■ **PROBLEM TO SOLVE**: Without including the pictures, copy each line below exactly as it reads.

■ **INFORMATION SUPPLIED**:
- Opening Delimiter -

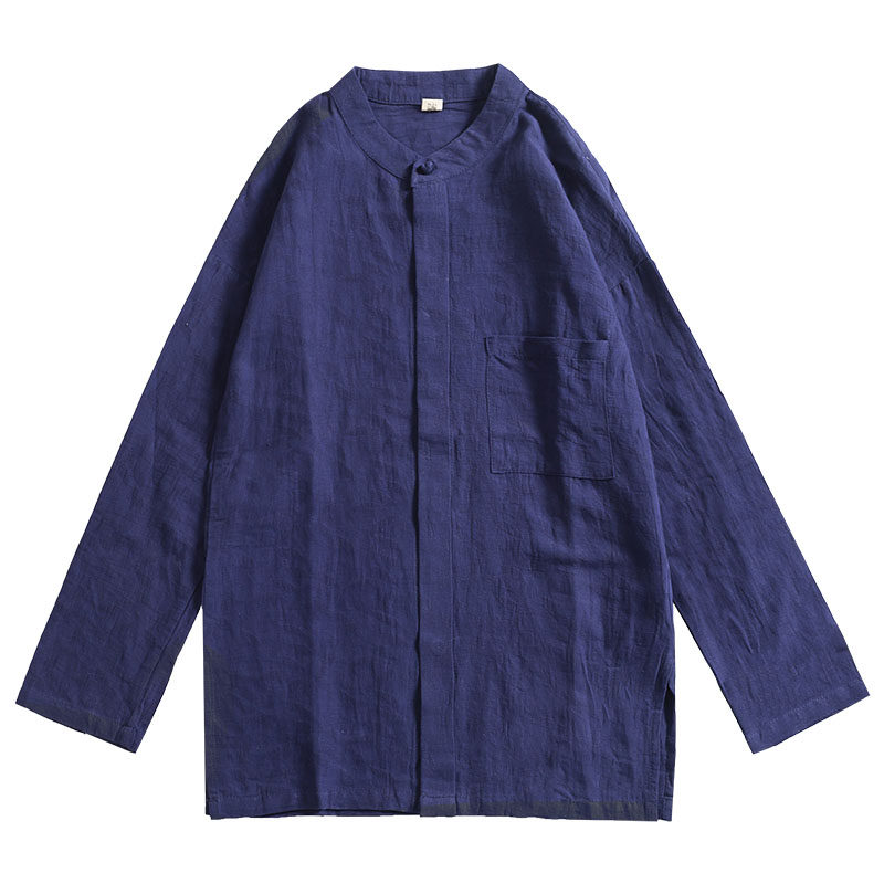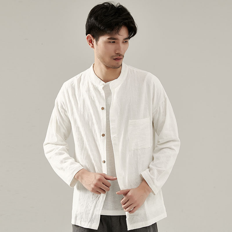 Chinese National style Tang dress plate buckle linen cotton long-sleeved stand collar loose casual retro white outside wear shirt men's ancient style
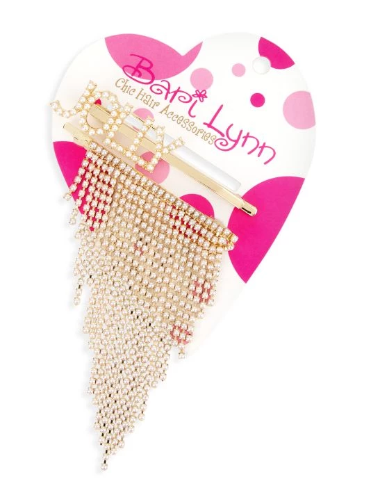 These two hair clips include a “Jolly” clip adorned with faux pearl embellishments and a cascading chain clip with faux pearl embellishments.
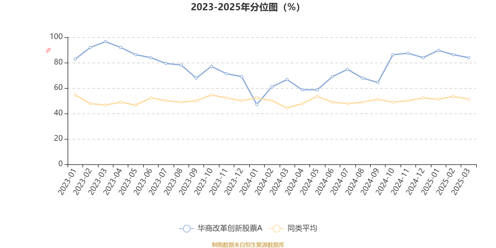 通过所选区间该基金净值增长率分位图,可以观察该基金与同类基金业绩比较情况。图为坐标原点到区间内某时点的净值增长率在同类基金中的分位数。
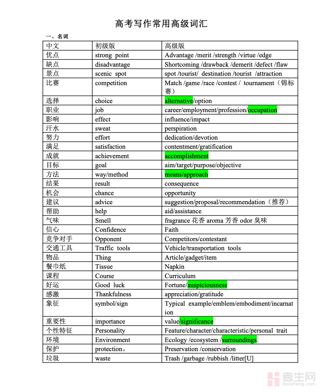 本文档是适配高考英语写作备考的核心词汇资料,严格依据最新考纲及高考写作命题趋势编撰,精选写作高频使用的高级词汇,全面覆盖记叙文、议论文、应用文等主流写作体裁,聚焦替换基础词汇、提升表达质感的核心用法。资料提炼词汇搭配规则、适用场景、同义替换拓展及写作运用技巧,摒弃冗余内容,条理清晰、重点突出,兼顾词汇识记与实战应用。贴合高考英语核心素养考查导向,适配高一高二积累、高三系统冲刺及考前突击,助力学生丰富写作语料,摆脱表达单一,提升作文语言档次与得分,是高考英语写作备考的必备实用资料。

- Closing Delimiter -

■ **ANSWER BOX**:
 Chinese National style Tang dress plate buckle linen cotton long-sleeved stand collar loose casual retro white outside wear shirt men's ancient style
 These two hair clips include a “Jolly” clip adorned with faux pearl embellishments and a cascading chain clip with faux pearl embellishments.
 通过所选区间该基金净值增长率分位图,可以观察该基金与同类基金业绩比较情况。图为坐标原点到区间内某时点的净值增长率在同类基金中的分位数。
 本文档是适配高考英语写作备考的核心词汇资料,严格依据最新考纲及高考写作命题趋势编撰,精选写作高频使用的高级词汇,全面覆盖记叙文、议论文、应用文等主流写作体裁,聚焦替换基础词汇、提升表达质感的核心用法。资料提炼词汇搭配规则、适用场景、同义替换拓展及写作运用技巧,摒弃冗余内容,条理清晰、重点突出,兼顾词汇识记与实战应用。贴合高考英语核心素养考查导向,适配高一高二积累、高三系统冲刺及考前突击,助力学生丰富写作语料,摆脱表达单一,提升作文语言档次与得分,是高考英语写作备考的必备实用资料。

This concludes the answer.